DavidC: When I issue a VC the
link only has to be a URI, there's no guarantee that it even
has to be published on the Web anywhere.
... To reference the VC in the way you're saying, you have to
get a hold of it...
... It's who guards the guards, it's going way over the top. If
I've got something that's digitally signed with a unique ID
inside it that should be enough.
scribenick: manu
dlongley: What we
should say in the impelmentation guide is say there are
different risk profiles.
... If we want to be clear to the person consuming what was signed, you
include a content hash. That way, they can check and see the
content that is signed.
... If you don't include it, you're requring some other mechanism for it to not
change, or you are saying that you find that the data changing
is an acceptable risk.
<manu> to be clear, dlongley and I are saying the same thing.
scribenick: dlongley
DavidC: That is a more balanced approach, certainly.

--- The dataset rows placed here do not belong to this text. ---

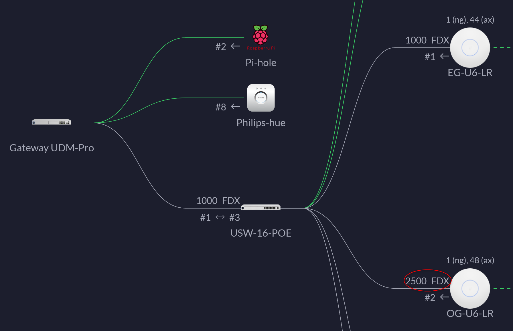 Laut dem UniFi Controller ist einer meiner neuen U6-LR WiFi6 Access Points mit 2500Mb/s statt den üblichen 1000Mb/s angebunden, was gar nicht möglich sein sollte (ich finds toll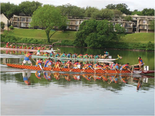 龙舟赛在奥斯汀南部的节日海滩(festival beach) 举行。今年共有12个队参加。除了奥斯汀本市的Freescale (原摩托罗拉)、Del、IBM、UT(德州大学奥斯汀分校)、长城中文学校、奥斯汀警官等队外,休斯顿热队也来参加了比赛。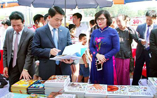 | Chủ tịch UBND TP Hà Nội Nguyễn Đức Chung đi thăm các gian hàng tại “Hội Sách Hà Nội 2016” |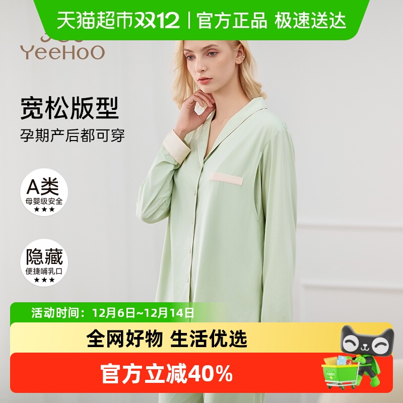 YEEHOO/英氏孕妇睡衣春夏新款长袖长裤家居服套装哺乳大码月子服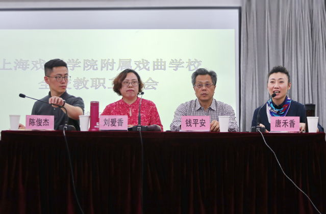 2019年9月2日下午,上海戏校全体教职工汇聚一堂,在图书馆报告厅召开了2019-2020学年(第一学期)全校教职工大会,学校校长、党总支书记钱平安,副校长、党总支副书记刘爱香,副校长唐禾香,副校长陈俊杰等校领导出席会议,会议由刘爱香主持。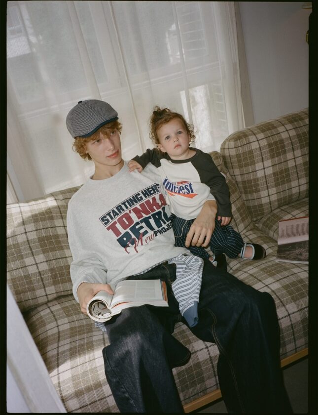 今回のポップアップでは、「House」をテーマに、〈To’nka〉の世界観を詰め込んだ温もりある空間を再現。アメリカンヴィンテージを感じさせるカジュアルな雰囲気のなかで、家族でゆったりとお買い物を満喫できる。1〜3歳のキッズ用から大人用サイズまで展開し、リンクコーデも楽しめるアイテムが揃う。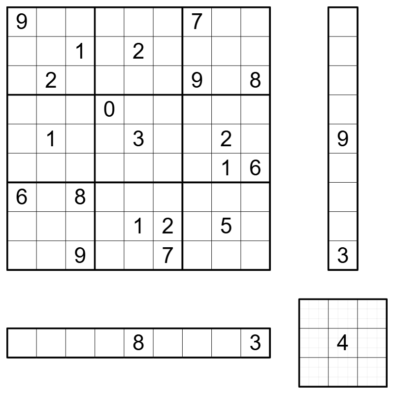 - Fill each cell of the main grid such that every row, column and box contains a 0 and eight different digits from 1-9.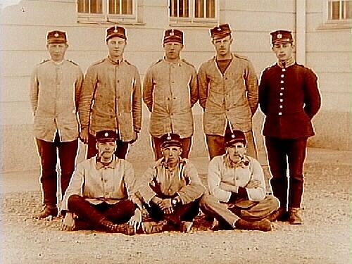 Åtta soldater utanför kasern.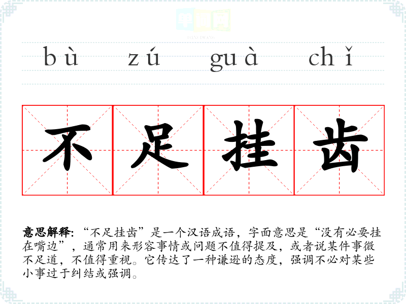 “不足挂齿”是一个汉语成语,字面意思是“没有必要挂在嘴边”,通常用来形容事情或问题不值得提及,或者说某件事微不足道,不值得重视。它传达了一种谦逊的态度,强调不必对某些小事过于纠结或强调。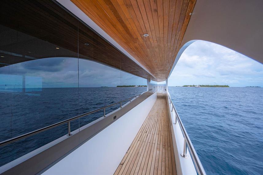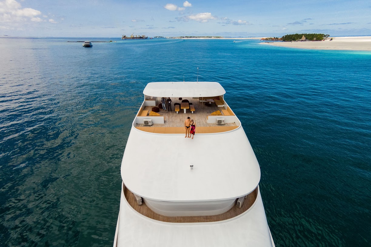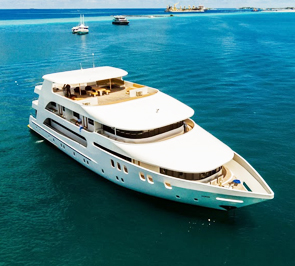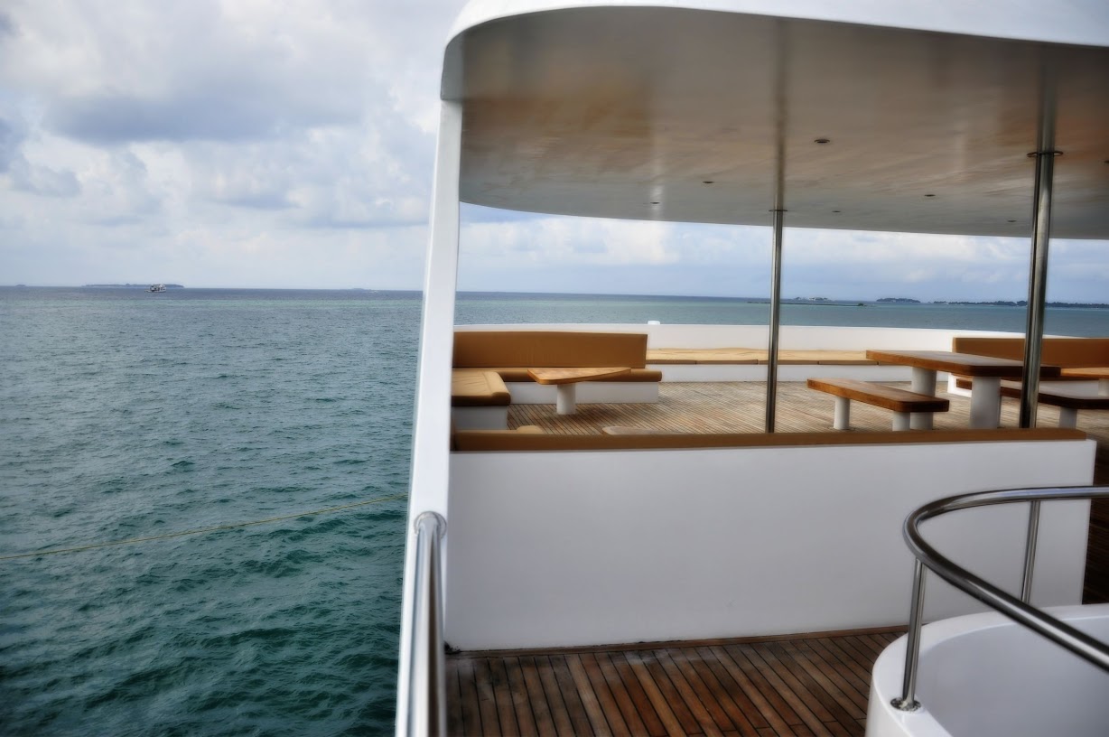 Year Built: 2014 Cabins: 11 Length/Width: 37m/10m Internet: Free Nitrox: YES($) Rental equip: YES($) Diving Services: ADAPTORS & TANKS Tanks with Don Valves Din Int Adaptors 1 5 L tanks Available Nitro Rental Equipment DIVING FACILITIES Battery Charging Station Warm-Water Showers Fish ID and Diving Books Spacious Dive deck Separate Boat/Dhoni FOR YOUR SAFETY Fire Alarm Fire Extinguisher Life Jackets Life Rafts Emergency Oxygen Kit First Aid Kits Automatic External Defibrillator (Aed) Emergency Positioning Radio Beacon

<brent> +1 as long as its clear that "other mechanisms for ensuring immutability" are acceptable
<dlongley> +1 to brent
DavidC: David introduced the notion of risk in there and we should put that in there, if you trust the issuer and assume it hasn't been hacked, etc.
scribenick: manu
dlongley: This doesn't necessarily have something to do with trusting the issuer... for example, the issuer might lose their domain name... this doesn't have to do with hacking or attacking anyone. We should be clear that links to other pieces of information, even though it is not accessible over HTTP, the information could change. We should be clear to implementers that they include a content hash to make it clear to other people about what content they're signing.
scribenick: dlongley
deiu: May I suggest we leave this issue open and leave arguments in the comments?

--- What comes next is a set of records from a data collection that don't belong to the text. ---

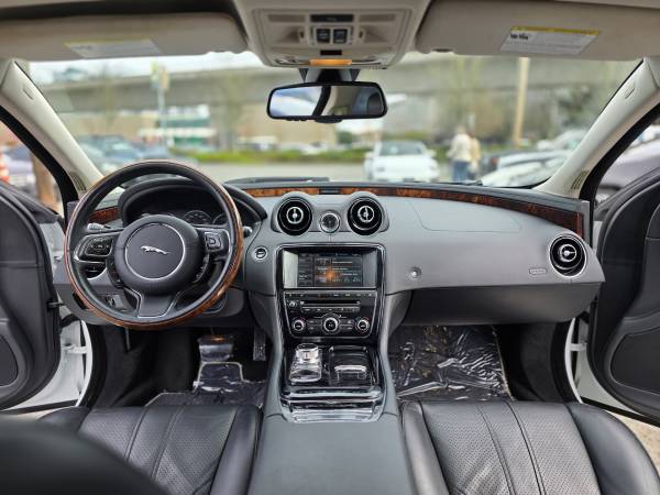 2014 Jaguar XJ With 105556kms, It Features 340 Horsepower 3.0L V6 Supercharged Engine Paired With 8-Speed Automatic Transmission Layered With All-Wheel-Drive System, Premium Leather Upholstery with Contrast Stitching, Heated and Cooled Front and Rear Seats, 14-Way Power-Adjustable Front Seats with Memory, Four-Zone Climate Control, Panoramic Glass Roof with Power Sunblinds, Wood Veneer Interior Trim, 8" Touchscreen Infotainment System, Navigation System with Voice Control, Meridian™ Sound System, Bluetooth Connectivity for Phone and Audio, Rearview Camera and Front/Rear Parking Sensors, Blind Spot Monitor, Adaptive Cruise Control, Lane Departure Warning, Forward Collision Alert, Stability and traction control, Multiple airbags and advanced braking system, And Much More!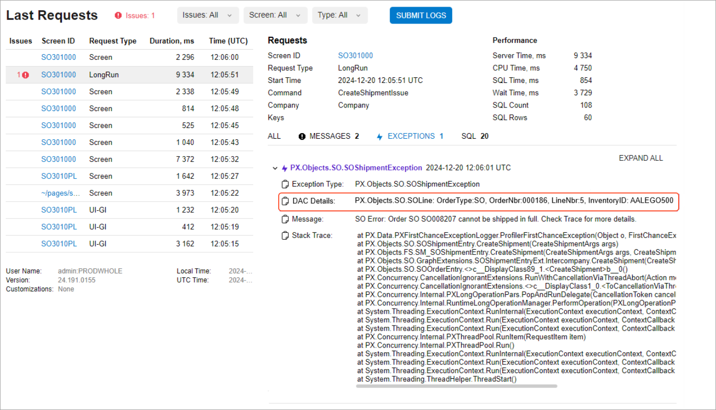 - You can view the descriptor information on the Acumatica Trace page in the new DAC Details section of the Exceptions tab.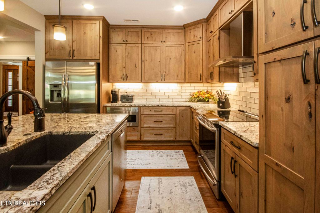 The kitchen is equally inspired, featuring custom knotty alder cabinetry, a large center island, granite countertops, and a tasteful tile backsplash that complements the home's natural palette. Whether entertaining or enjoying a quiet morning coffee, the open flow to the living areas and the natural light from the sunroom make it an ideal space for connection and comfort.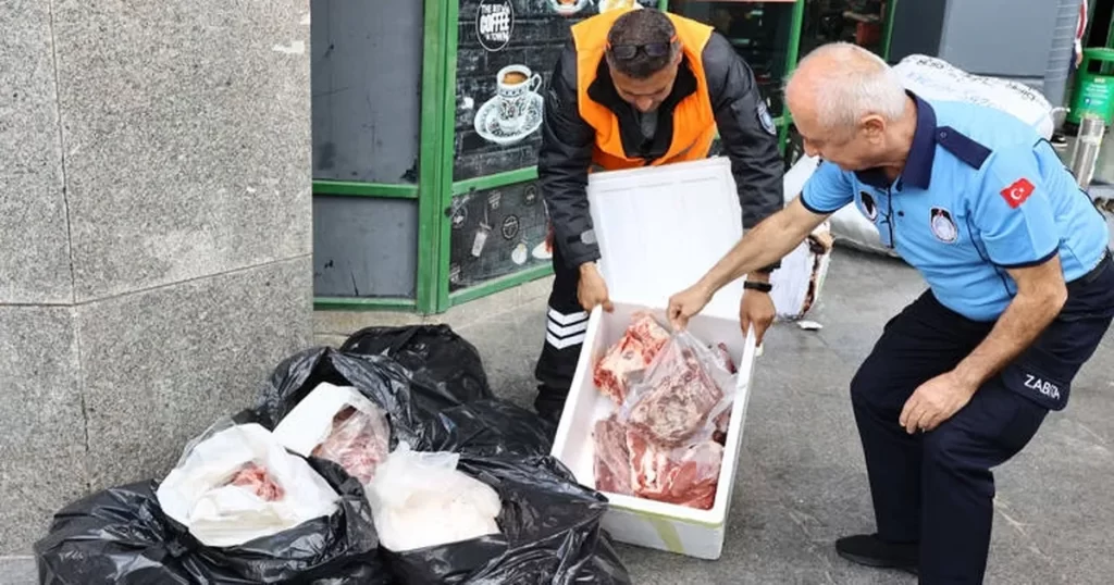 ANTALYA (İGFA) – Antalya Büyükşehir Belediyesi Zabıta ekipleri, insan sağlığını tehdit eden gıda taşımacılığına karşı denetimlerine devam ediyor. Antalya Şehirlerarası Otobüs Terminali’nde Büyükşehir zabıta ekipleri ve güvenlik görevlileri denetimler sırasında bir otobüs firmasından çöp poşetleriyle şüpheli malzeme taşındığını fark etti. Poşetleri kontrol eden ekipler, sağlıksız koşullarda taşınan 9 adet çöp poşetinde yaklaşık 300 kilogram et buldu.

<deiu> https://github.com/w3c/vc-imp-guide/issues/4
burn: Ok, then people do need to
enter these comments into issue #4.
... Let's keep this moving offline.
... The group ends at the end of September and in the middle of
Sept. people won't be paying attention because many
participants will be working in the DID WG. Let's get these
issues wrapped up.
<manu> oof, 1-2 weeks will be very difficult :(
<manu> good thing we can update it after the fact.

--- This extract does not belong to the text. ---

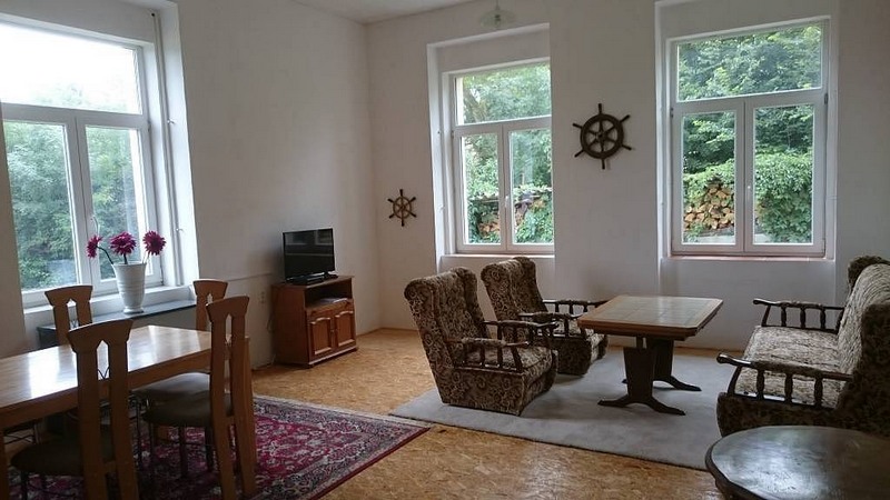 Kapacita domu je 18 osob ve 3 apartmánech. Objekt je v provozu duben - říjen a jde o rekonstruovanou školu z první republiky. Dispozice: Dům má v přízemí 1 apartmán, v 1.patře jsou 2 apartmány. Celý dům je ideální pro jednu větší skupinu například 3 známé rodiny. Každý apartmán je zcela oddělený včt měření elektrické energie a el bojleru 120 l. Rozloha každé jednotky je cca 80 m2 a kapacita 6 osob. Samozřejmostí je vlastní sociální příslušenství (2xWC a sprcha), kuchyň s myčkou nádobí, WiFi a TV. Zahrada je společná pro celý objekt s rozlohou přes 2000 m2, k dispozici je venkovní ohniště, venkovní „retro“ sprcha se slunečním ohřevem. Volných míst k parkování je dostatek a také pergola pro 2 auta. Apartmán c.1- přízemí: má 4 ložnice 1x 3 lůžka, 2x 2 lůžka, 1x 1 lůžko /8 lůžek /, samostatná kuchyň s ledničkou/mrazák, myčka 12 souprav, el sporák. Obývák spojeny s jídelnou pro 6 osob, sedací souprava, krbová kamna, přímotop a TV. 2 x koupelna se sprchovým koutem 2 x WC /1x samostatné/ 1x pračka. Apartmán c.2- 1.patro pro 6 osob ve 2 ložnicích po 3 lůžkách. Obývací pokoj s krbem, TV s jídelní a kuchyňskou zónou, myčka 12 souprav, lednička/mrazák. 2x samostatné WC, 1 koupelna se sprchovým koutem, 2x umyvadlem , prackou. Apartmán c.3 -1.patro má 2 ložnice 2 x 2 lůžka, a 1 x 2 lůžko v obýváku, a 2 lůžka na palandě. Samostatná kuchyň s ledničkou/mrazák, myčka 12 soupr., el dvouplotna s troubou a mikrovlna. Obývák spojeny s jídelnou pro 6 osob, sedací souprava, krbová kamna, el akumulačky, a TV. 2 x WC /1x samostatné /, sprchový kout, umyvadlo s galerkou. Parkování na oploceném pozemku pro 2 -5 aut, příjezd bez problémů. Stravování - vlastní za využití kuchyně, nebo restaurace 9 km Louny, Libochovice. Každý apartmán je možno vytápět krbovými kamny + el. přímotopy. |

<deiu> https://github.com/w3c/vc-imp-guide/issues/3
DavidC: I wanted to publish the full details of what we're doing with our implementation... but can't. I had a chat with Dave Longley and the WebAuthn WG put a note in the spec to say that different origins could be used in the future. This is why in our implementation we've had to put a workaround in there.
<Zakim> manu, you wanted to note we demoed this at RWoT7 Canada...
DavidC: So that everyone might implement the same workaround but can't talk about the solution for business reasons.
manu: Just to be clear -- we
cannot talk about IPR in this call, or even suggest anything
that could be under IPR.
... So, don't talk about IPR at all, we don't want to hear
about it on the call.
... The other thing I wanted to mention was a follow up on a
few things off of what Dave Longley had mentioned with David.
This is a feature that we actually demo'd at Rebooting the Web
of Trust.
<burn> Manu is correct. Under no circumstances can you say anything about patents
manu: You can go to your digital
wallet, register your two factor auth device. We demo'd the
Veres Wallet stuff and you register your device and we had to
use a modified version of Chrome, a 10 line change to the
browser to enable this.
... The second rechartering for the WebAuthn WG is working on
this and other groups are requesting this feature too. Because
we registered the FIDO device we were able to create a
VerifiablePresentation and use the device to sign it before
sending it to the verifier.
... We agree it's super important and useful to support. It's
one of the things we may be able to ask for as the DID WG and
this group, to enable this stuff to be enabled through
WebAuthn. Any other alternative we should do a very thorough
review on because it's really hard to get the security
characteristics right.
... +1 for proposing things but absolutely nothing that's IPR
related.
DavidC: Understood.
deiu: Do you think it's worth actually mentioning something from the Veres Wallet in this issue or adding a PR that describes how WebAuthn works?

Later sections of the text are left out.